The Green Deal is a framework that will enable private firms to offer consumers energy efficiency improvements to their homes, community spaces and businesses at no upfront cost, and recoup payments through a charge in installments on the energy bill.

“Without getting electricity market reform right, the Green Investment Bank won’t deliver anything,” Mr. Cridland warned, adding that the government needed to “get things right now” and that the G.I.B. “certainly won’t work if it needs the Treasury’s permission to blow its nose.”

Sharing the same sentiment, Institution of Civil Engineers director-general Tom Foulkes expressed worries about the bank’s inability to borrow from other financial institutions until 2015.

“It is vital that momentum is now not lost and that industry and investors alike have confidence in the Bank. Government should appoint a figure with real credibility across the infrastructure and finance communities to drive forward progress,” he said.

For his part, Friends of the Earth campaigner Simon Bullock said the government should allow the G.I.B. to borrow from capital markets as soon as possible.

“It’s great to hear there will be legislation to make the Green Investment Bank operationally independent and around for a long time. “But there is still room for dinosaur forces in the Treasury to hamper the bank’s effectiveness.”

The G.I.B. is a funding scheme initiated in 2010 by the British government and assigned the task of attracting private funds for the financing of the British private sector’s investments related to environmental preservation and improvement.

It came about when the House of Commons committee on climate change, upon finding out that for new, low-carbon business and government infrastructure to be established an investment pool ranging from £200 billion to £1 trillion must be generated, decided that the funding gap must be covered by the state budget.

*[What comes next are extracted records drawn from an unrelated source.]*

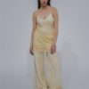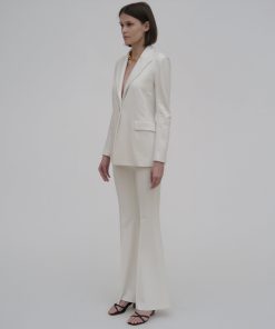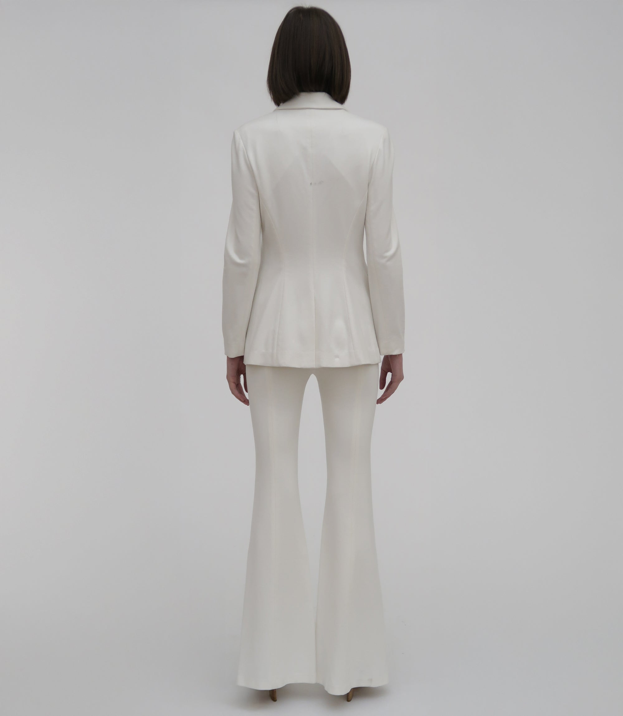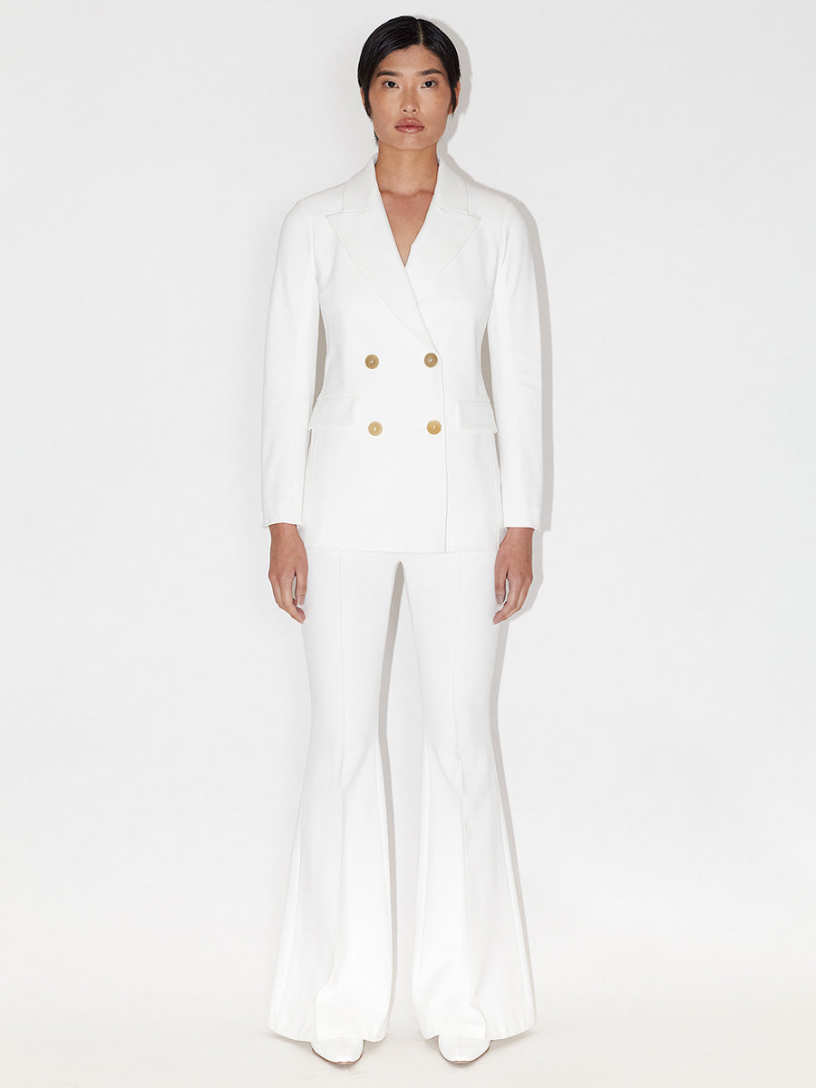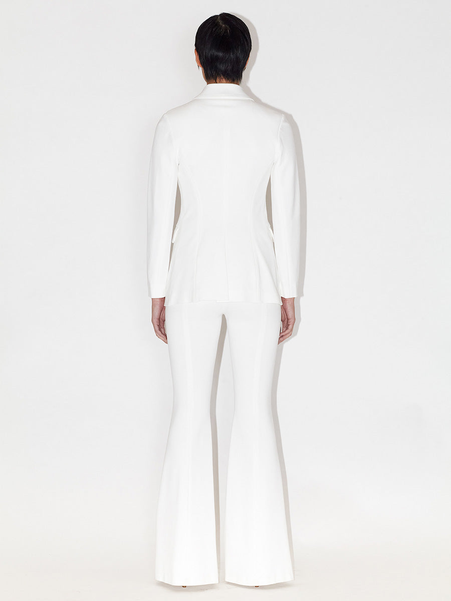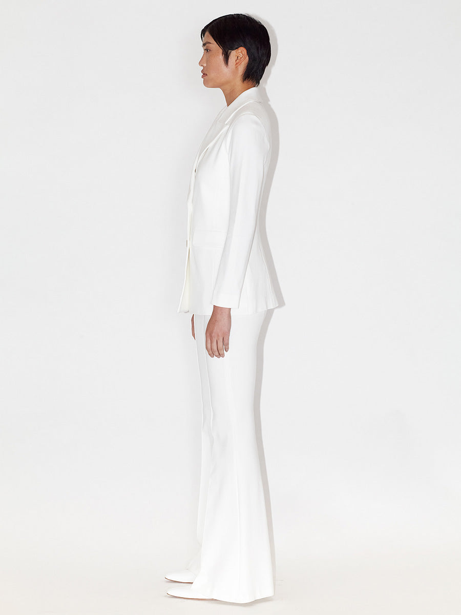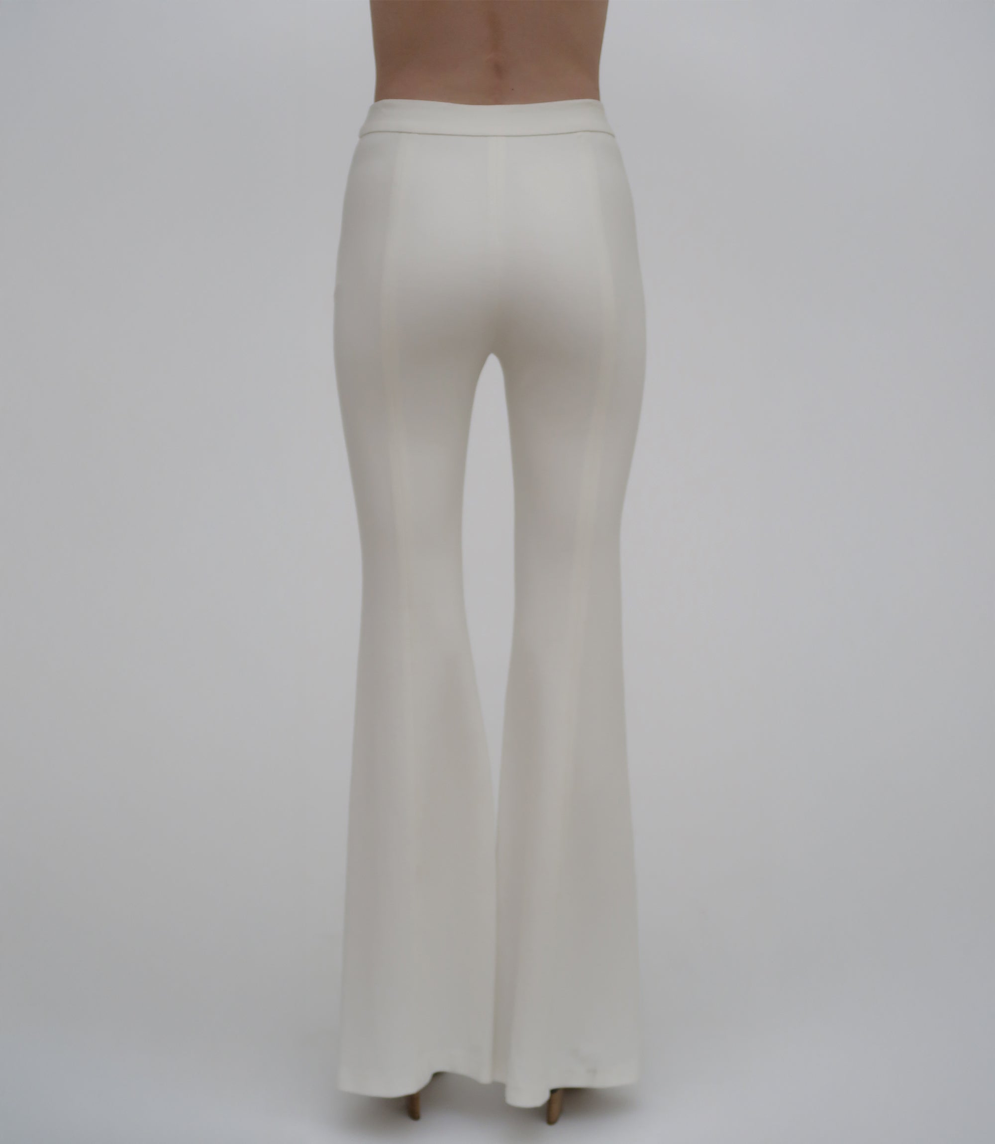 Crafted to flatter and elongate the body, this fluid pant flares gently from the knee, creating a long and lean silhouette from hip to hem. Pintuck seaming down the front and back lengthens further, while the elasticized mid-rise waist enhances the ease of wear.
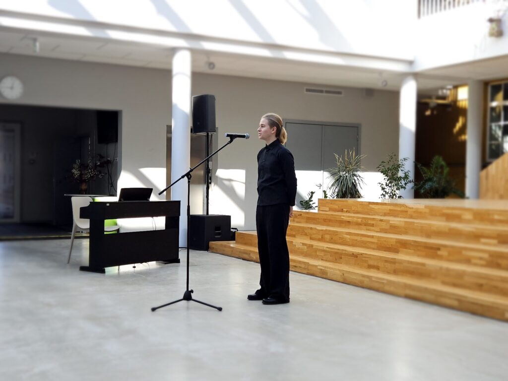 Latvijas Republikas neatkarības atjaunošanas dienas pasākumā ar izcilā latviešu rakstnieka Imanta Ziedoņa savas vietas izjūtu skolasbiedriem raksturoja Valters Kvelde no 8.b klases. Viņš ar izciliem rezultātiem uzstājies skatuves runas konkursā novadā un reģionā. Tas arī ir veids, kā ikviens no mums var apliecināt piederību. Nest savas skolas vārdu tālāk.
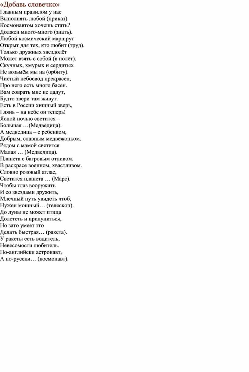 3. Подобрать сказки, стихи, загадки о космосе, ракете, звёздах, музыку.
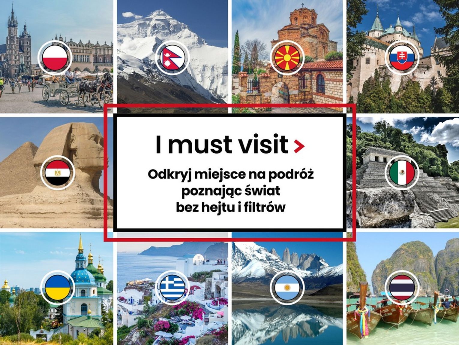 I must visit to międzynarodowy portal dla miłośników podróży, dostępny pod adresem https://imustvisit.com. Bazuje on na krótkich filmach dodawanych przez użytkowników, które następnie podlegają moderacji oraz ewentualnej edycji, w celu zapewnienia możliwie jak najwyższej ich jakości. To właśnie autentyczne i pozytywne filmy, wraz z różnymi ciekawostkami, stanowią tutaj inspirację do wyboru niezwykłych miejsc i atrakcji na podróż. Każdy film przypisywany jest ponadto do konkretnego miejsca, w tym do państwa, regionu, miasta, a nawet obiektu (takiego jak muzeum lub zabytek), wraz z konkretną lokalizacją na mapie. Wszystko to pozwala na stworzenie wartościowego miejsca wolnego od hejtu, negatywnych emocji oraz obraźliwych komentarzy. Na portalu dodanych zostało już ponad 2 000 filmów z około 60 państw, w tym z Polski, Nepalu, USA, Brazylii, Tonga i Słowacji. Wśród odwiedzających portal znalazły się już osoby z ponad 120 państw, zaś pokazywane miejsca otrzymały ponad 50 000 oznaczeń jako "Muszę odwiedzić". Warto dodać, że każdy zarejestrowany użytkownik może bezpłatnie tworzyć swój własny pamiętnik z podróży, a także może wziąć udział w konkursie I must visit Award.
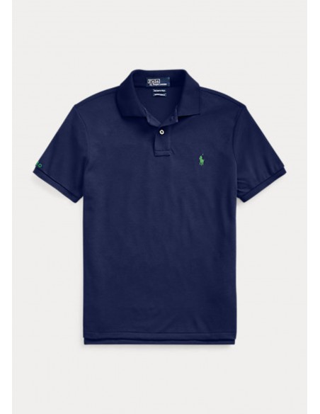 Polo de cuello acanalado y tapeta de dos botones, creada en corte custom slim fit, que esta ajustado en la cintura y las mangas se ajustan al bíceps. The Earth Polo ha sido diseñado pensando en la Madre Naturaleza y se ha confeccionado con un innovador tejido producido completamente a partir de botellas de plástico, teñido único mediante un proceso que no requiere agua.
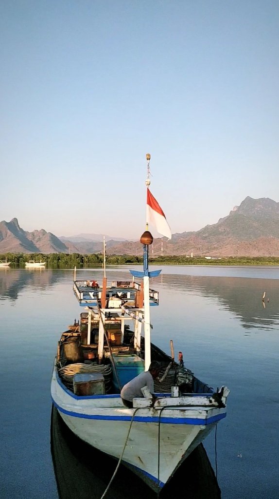 Nunggu sunrise sambil ngemil snack sama ngobrol ringan bareng kaka dan temen ngga kerasa langit udah mau terang aja. Dan ternyata di sekitar dermaga banyak banget kapal-kapal besar, juga ada sebagian nelayan lokal yang mau berangkat mancing dan orang-orang yang lagi mancing juga. Lumayan rame juga disini ternyata. Nah, kalo di sebelah barat keliatan pemandangan gunung dan hutan ijo yang ngga kalah indah beserta boat yang lagi bersandar.
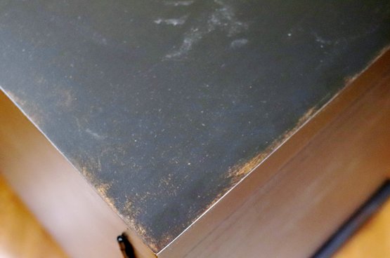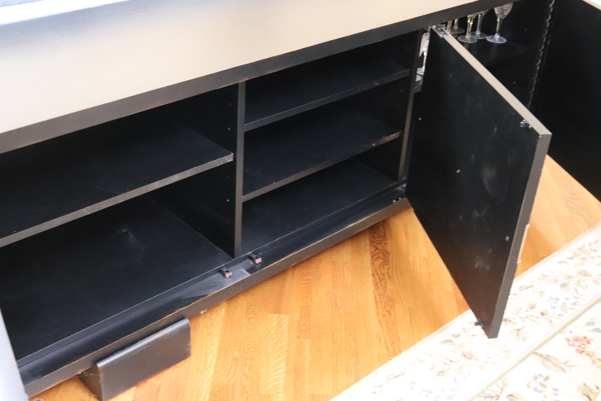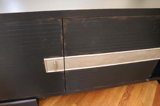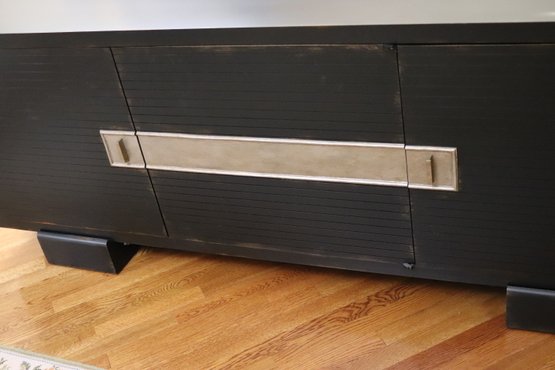 The cabinet has 3 doors with interesting silver color detailing and modern silver tone metal pulls, as well as interior shelves. Measures 76” L x 19.5” D x 28” T

Accordingly, the British government created a financing scheme for its environmental investment needs that would be funded mainly by the private sector and banks. The G.I.B. was initially given £2 billion by the British government.

Criticisms hounded the British government’s initiative to jumpstart the pooling of green investments. Objections came mostly from the British Treasury as its officials claimed that the G.I.B. would swell the state deficit and appear as a liability in the government’s bank sheet.

Non-government organization World Development Movement commissioned a study that recommended transforming the already publicly-owned Royal Bank of Scotland into a green investment bank and creating 50,000 green jobs in the process, instead of creating a new banking scheme.